TASK PROMPT » Only the lines from the one that includes "永吉红包2026新款大吉大利新年结婚硬纸大小号利是封通用批发压岁" through the last line below belong in the reply, copied exactly and without pictures.

EXERCISE DATA »
┏━━
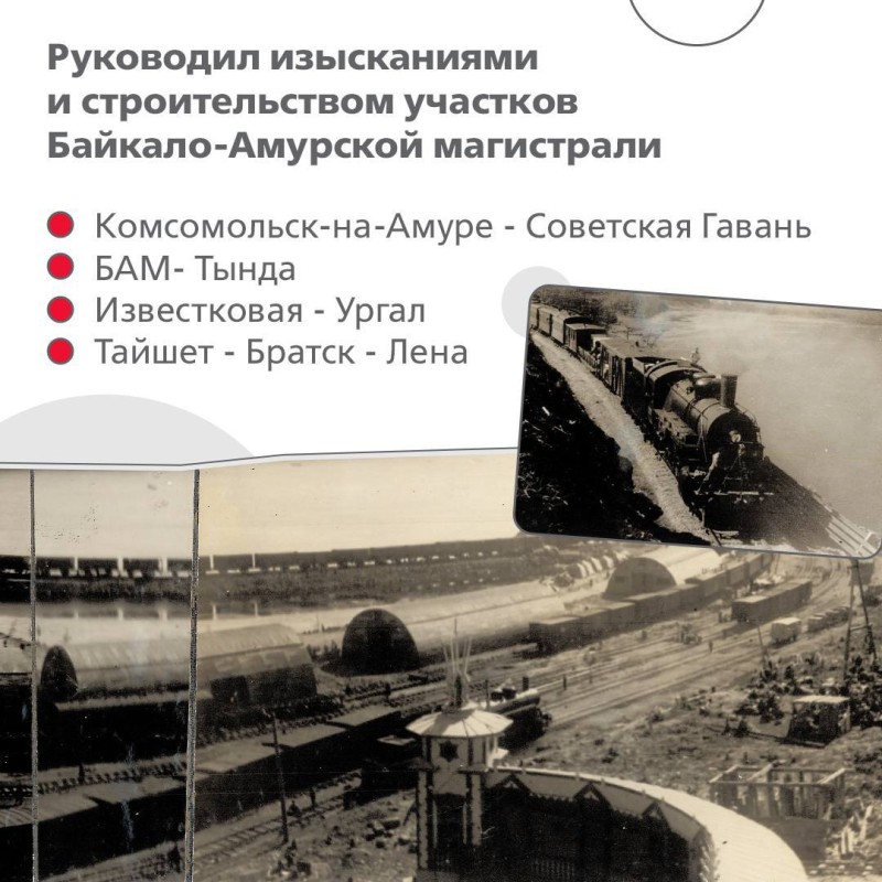 В честь выдающегося инженера назван разъезд на 3118 км БАМа, который построили компании Нацпроектстроя.
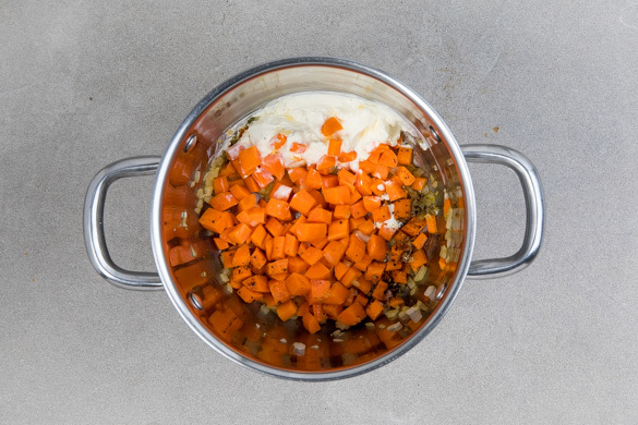 Die restlichen Zwiebeln und die Karotten in einem mittelgroßen Topf mit 1EL Olivenöl bei mittlerer Hitze 2–3Min. anbraten. Mit je 1 kräftigen Prise Salz und Pfeffer würzen, dann das Gemüse mit 200ml Wasser ablöschen und einköcheln lassen, bis das Wasser verdampft ist. Ca. 2/3 der Crème fraîche unterrühren, das Gemüse vom Herd nehmen und erneut abschmecken.
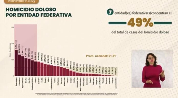 CDMX.-Guanajuato ocupó el primer lugar nacional en homicidio doloso tanto en el periodo acumulado de enero a noviembre 2025 como en el mes de noviembre, de acuerdo con el reporte presentado por la secretaría ejecutiva del Sistema Nacional de Seguridad Pública, Marcela Figueroa Franco, desde la conferencia de prensa mañanera.
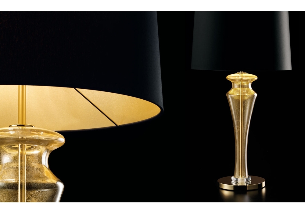 Saint Germain diseñada por Giorgia Brusemini para Barovier & Toso es una lámpara de mesa con base circular y detalles en metal cromado o dorado galvanizado. El cuerpo de la lámpara está revestido de cristal veneciano y adopta una pantalla circular en tejido que apantalla las fuentes de luz regulables LED o halógenas. Saint Germain está disponible en diferentes acabados.
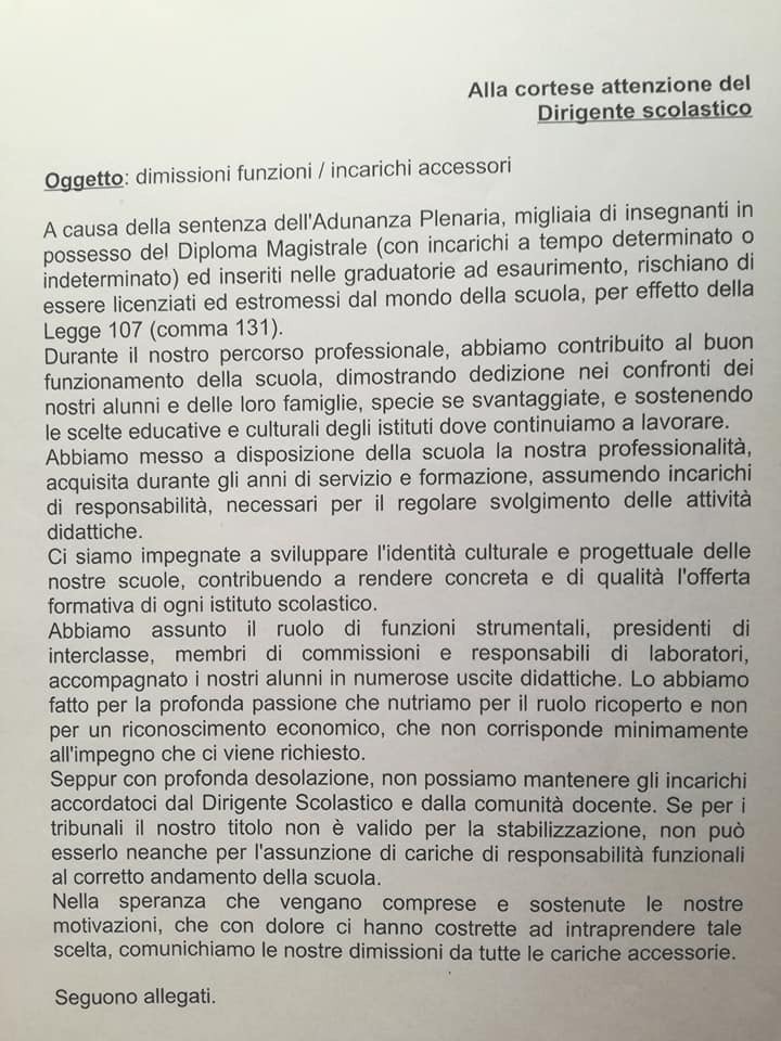 La mobilitazione dei diplomati magistrale all’indomani della sentenza dell’Adunanza Plenaria del Consiglio di Stato, prosegue su più fronti. Adesso, arrivano le dimissioni dagli incarichi accessori da parte di quei docenti che lavorano con diploma magistrale.
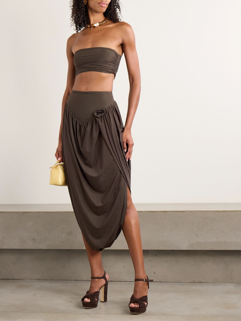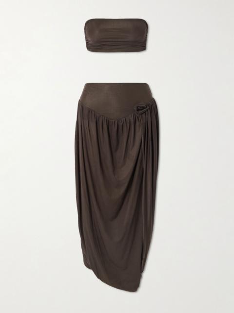 - MAYGEL CORONELNoriega strapless twisted draped stretch-jersey bandeau and skirt set Chocolate
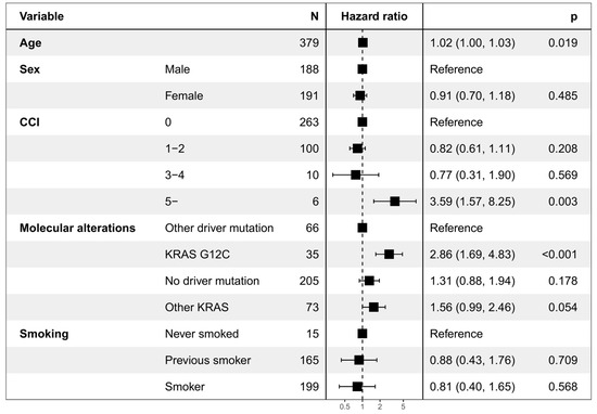 In general, OS was shorter for patients with KRAS mutation than for patients with or without other driver mutations (p = 0.002; Figure 2). The shortest median OS of 2.9 months (95% CI 2.0–6.0) was observed for patients with the KRAS G12C mutation, and the longest median OS of 13.2 months (95% CI 8.7–17.3) for patients without any driver mutation. Based on the Cox proportional hazards model (Figure 3), higher age, CCI 5 or above, and KRAS G12C status were significantly associated with the survival probability. Each additional 10 years in age increased the risk of death by a factor of 1.22 (HR for each additional year being 1.02, 95% CI 1.00–1.03, p = 0.019) and KRAS G12C mutation by a factor of 2.86 (95% CI 1.69–4.83, p < 0.001) compared to patients with a driver mutation in another gene. Patients with unknown smoking status (1%) were excluded from the model. When adjusting the model also by treatment status, performance status, and tumor stage (Supplemental Figure S1), the HR for KRAS G12C was slightly lower (1.75, 95% CI 1.01–3.04) but still significant (p = 0.048).
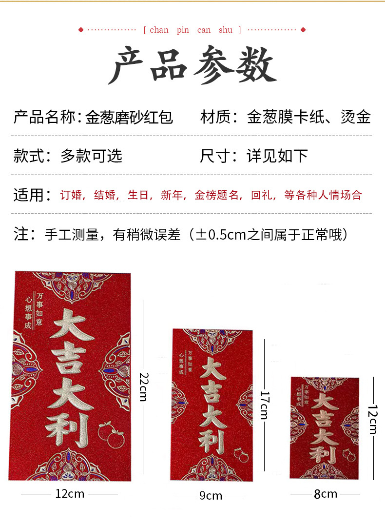 永吉红包2026新款大吉大利新年结婚硬纸大小号利是封通用批发压岁
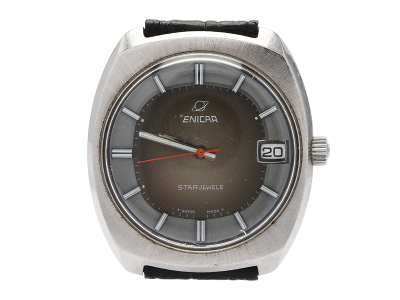 ENICAR, "Star Jewels", "Ocean Pearl", Cal A-R 160, Boett nr. 160-54-07 / 2375, herrur, 35 mm, stål, manuell, plexiglas, datum, skadad urtavla, läderband, ca 1975.
┗━━
YOUR RESPONSE »
 永吉红包2026新款大吉大利新年结婚硬纸大小号利是封通用批发压岁
 ENICAR, "Star Jewels", "Ocean Pearl", Cal A-R 160, Boett nr. 160-54-07 / 2375, herrur, 35 mm, stål, manuell, plexiglas, datum, skadad urtavla, läderband, ca 1975.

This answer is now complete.